* WHAT NEEDS TO BE DONE
Pictures stay out of the copy. Retype exactly the lines below from the one with "进入界面后,可选择多种游戏,例如清洁收纳类游戏。" through the one with "На левом боку".

* Collection entries
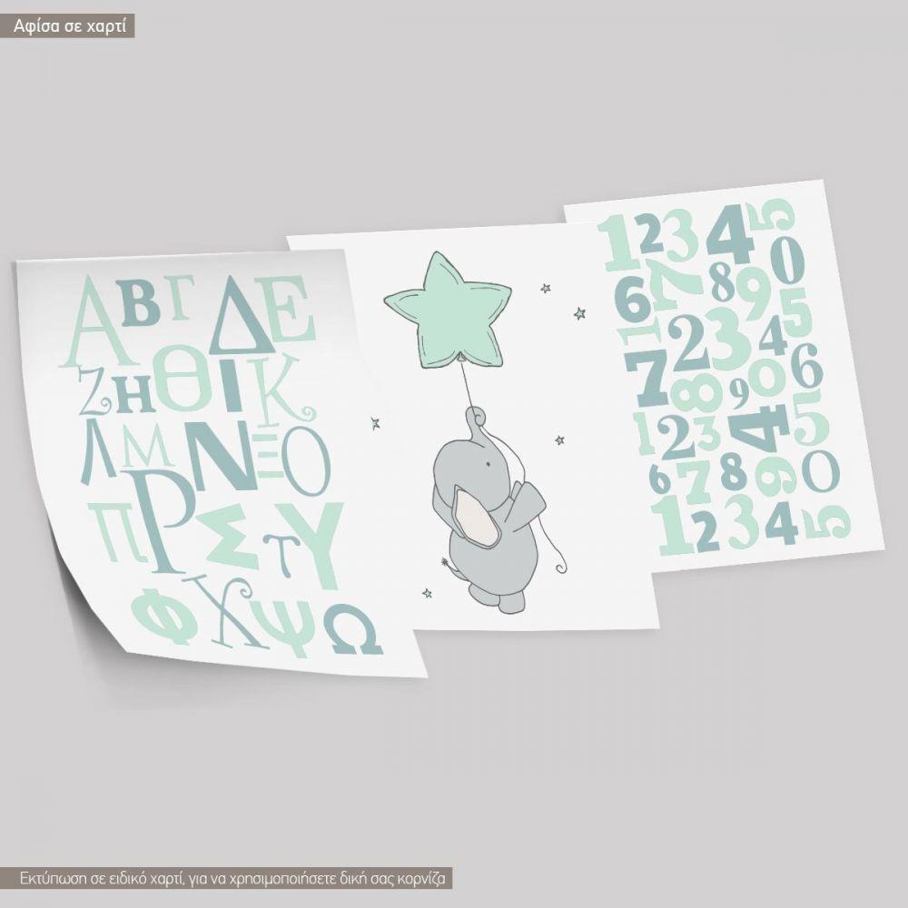 Kids canvas print Reach for the stars, little elephant stars, 3 panels
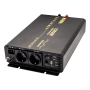 12V DC --> 230V AC with ATS (automatic transfer switch) function to AC voltage as soon as the vehicle/vessel is connected to the mains.
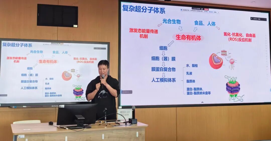 王鹏教授进行了题为《复杂超分子体系中的光谱探针》的报告。他在报告中聚焦光合生物与食品健康相关复杂超分子体系,以叶绿素、黄酮等为光谱探针,借多种光谱技术,结合脂质体等人工模拟体系,探究光能量传递、氧化抗氧化机制,明晰分子层面作用原理。
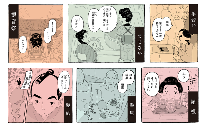 東京都出身。漫画、イラストレーション、アニメーションなどを手がけるクリエイター。漫画や絵本、書籍の装画、アニメーションステッカー、キャラクターデザインの他、オリジナル作品も多数。絵本『Magic Ramen』(Little Bee Books刊)が「Junior Library Guid」「CSMCL Best Books of 2019」「Freeman Book Awards Children’s Literature 2019」などを受賞。Google、Appleなど海外の仕事も多く手がけている。著書に『まめで四角でやわらかで』『ぽんこさんの暮らしのはてな?』『日月十譚』(共著)など。現在はトーチwebで『まめで四角でやわらかで』を連載中。江戸っ子だった祖父母から昔の様子などを聞いて育つ。
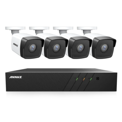 Vier solide bullet IP camera’s, glashelder 5MP beeld, audio-opname en een geavanceerde NVR. Het ANNKE ACS-8 N48-I51DL-4 5MP 8CH PoE Camerasysteem heeft alles in huis voor een veilig kantoor of thuis. De toegepaste PoE techniek staat garant voor een stabiele en eenvoudige verbinding. Verbindt de camera’s met de meegeleverde Ethernetkabels van 18 meter met de NVR (recorder), en de NVR met de meegeleverde korte Ethernetkabel met je router. Zowel de stroom- als de internetverbinding verkrijgen de camera’s dan vervolgens door die enkele netwerkkabel. Mis geen enkel detail: ontvang meldingen en volg de beelden 24/7 op je smartphone, tablet of op je PC. De NVR is daarbij voorzien van een harde schijf van 2TB, genoeg voor wekenlang opnemen. En wil je uitbreiden? Geen probleem, aan de NVR kunnen nog 4 extra camera’s worden toegevoegd.
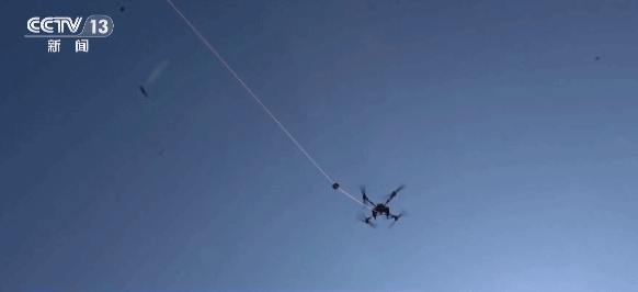 一台无人机带着第一根长2100米、重约8.4千克的高强度、轻量化先导索,从大桥佛渡岛侧桥塔顶端起飞,在复杂海风和海浪的环境下,在空中稳稳飞行了12分钟,将线精准送至六横侧桥塔顶端。不仅节约成本,还精准高效,不影响繁忙的航道。
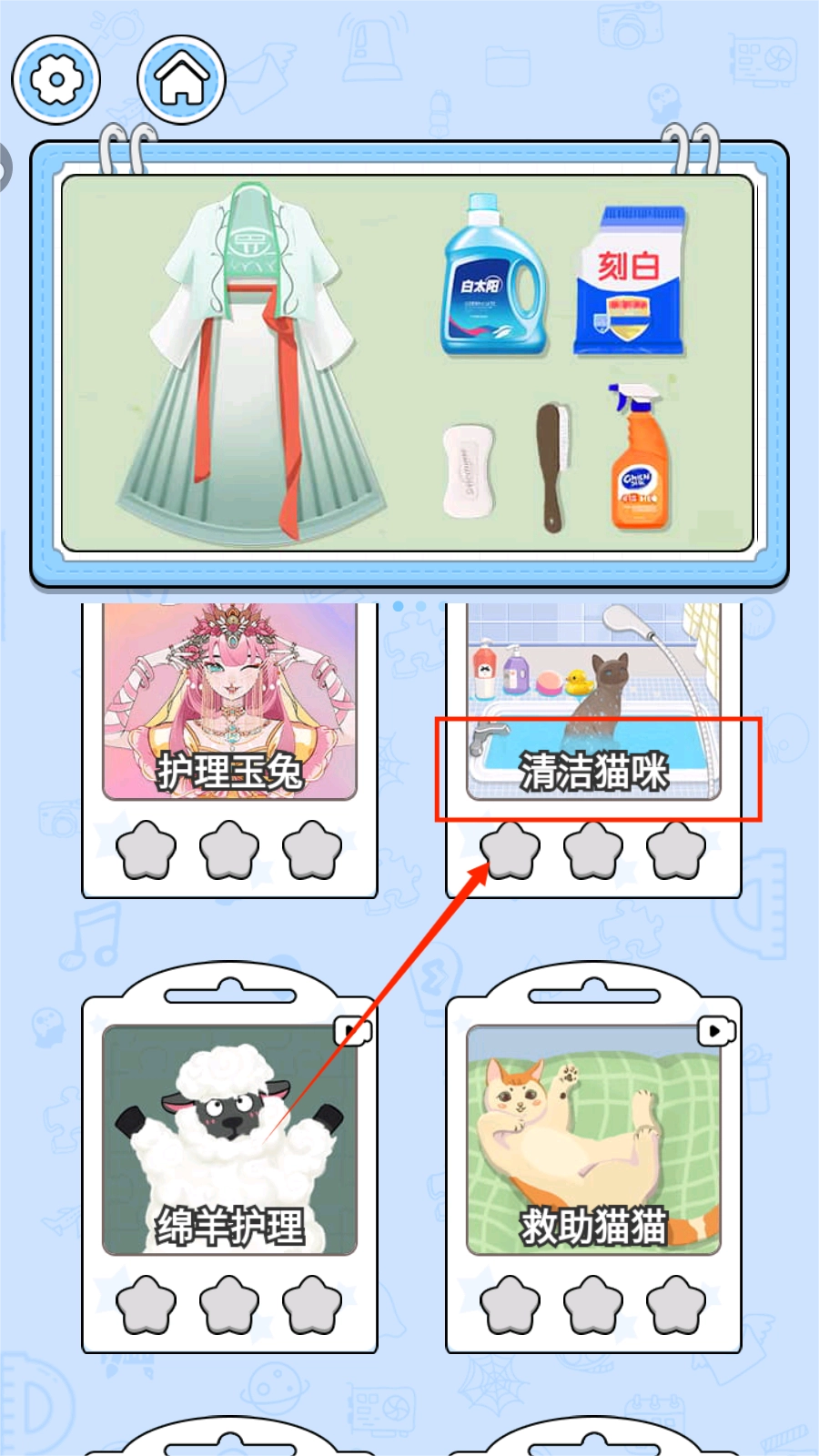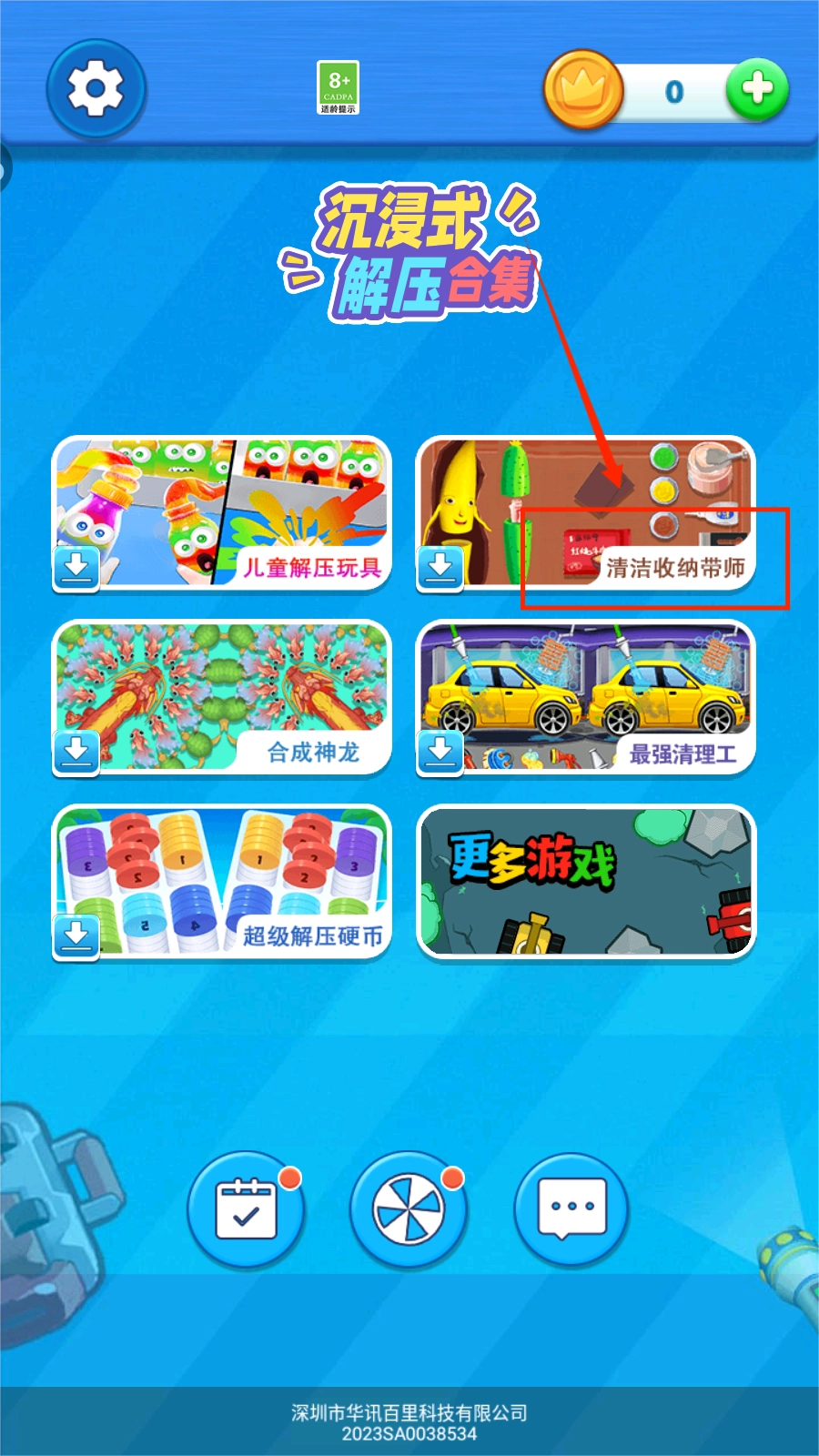 进入界面后,可选择多种游戏,例如清洁收纳类游戏。
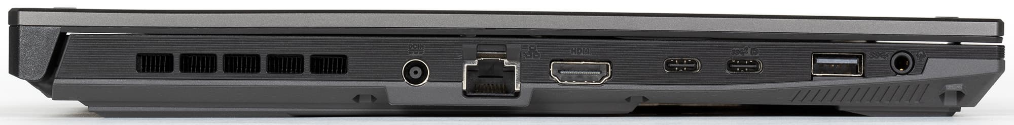 На левом боку расположились разъем питания под фирменный штекер (вставлять его на ощупь неудобно), сетевая розетка без откидной части, видеовыход HDMI 2.0b, два USB Type-C, еще один USB3 Gen1 (Type-A) и комбинированный миниджек (для гарнитуры). Из двух портов USB Type-C дальний от пользователя является на самом деле портом Thunderbolt 4 и поддерживает в том числе вывод графики DisplayPort 1.4, а ближний к переднему краю USB Type-C — полноценный USB3 Gen2, который тоже может служить видеовыходом DisplayPort 1.4 и поддерживает G-Sync. Зарядка через порты USB Type-C не предусмотрена.
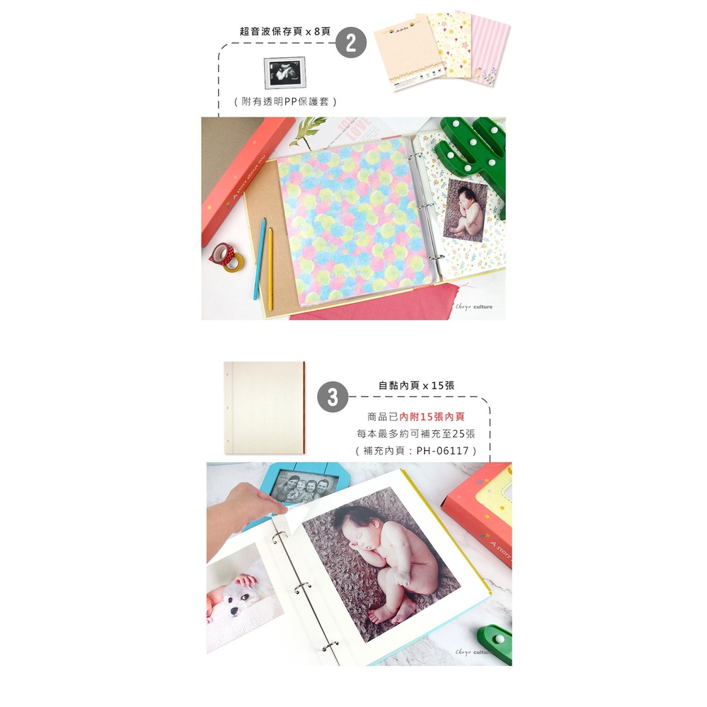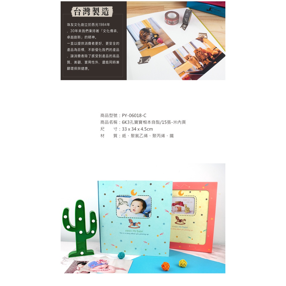 珠友 6K3孔小木馬寶寶相本/新生兒成長相簿禮盒-自黏白色內頁/15張(PY-06018-C)
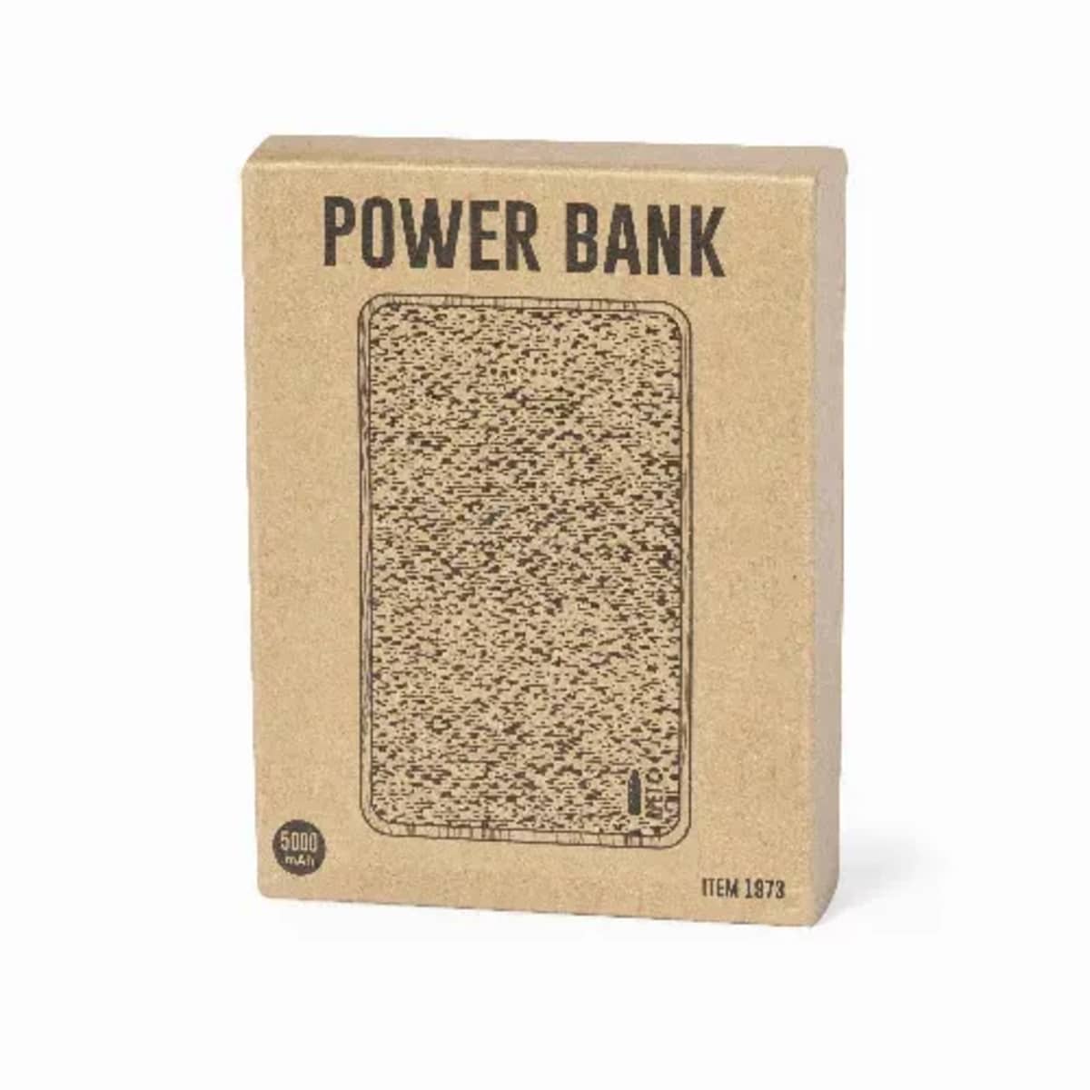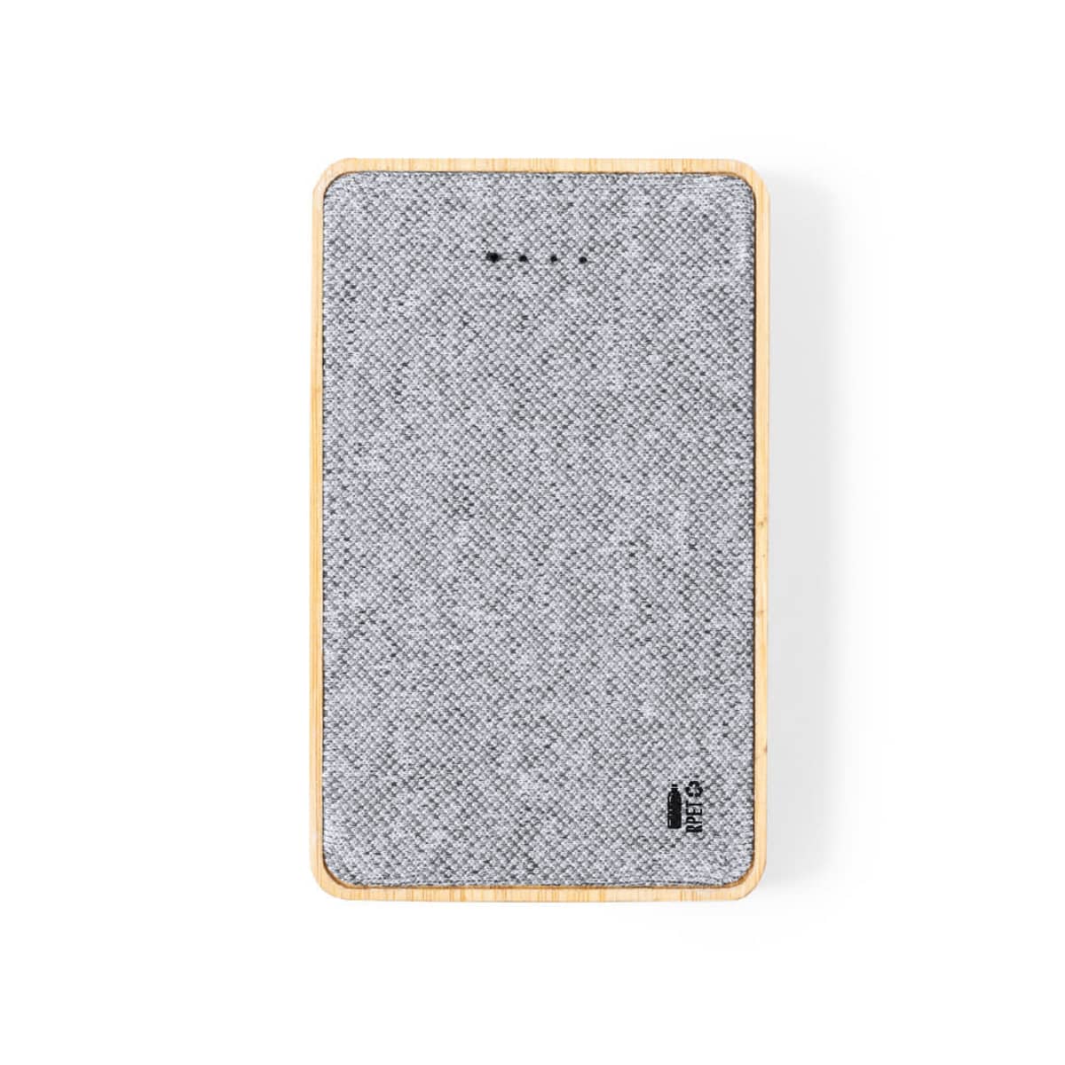 External auxiliary battery of 5,000 mAh, Made in bamboo and RPET material, made from recycled plastic to encourage the reuse of plastic waste and help the sustainability of the planet.

* TASK SOLUTION
 进入界面后,可选择多种游戏,例如清洁收纳类游戏。
 На левом боку расположились разъем питания под фирменный штекер (вставлять его на ощупь неудобно), сетевая розетка без откидной части, видеовыход HDMI 2.0b, два USB Type-C, еще один USB3 Gen1 (Type-A) и комбинированный миниджек (для гарнитуры). Из двух портов USB Type-C дальний от пользователя является на самом деле портом Thunderbolt 4 и поддерживает в том числе вывод графики DisplayPort 1.4, а ближний к переднему краю USB Type-C — полноценный USB3 Gen2, который тоже может служить видеовыходом DisplayPort 1.4 и поддерживает G-Sync. Зарядка через порты USB Type-C не предусмотрена.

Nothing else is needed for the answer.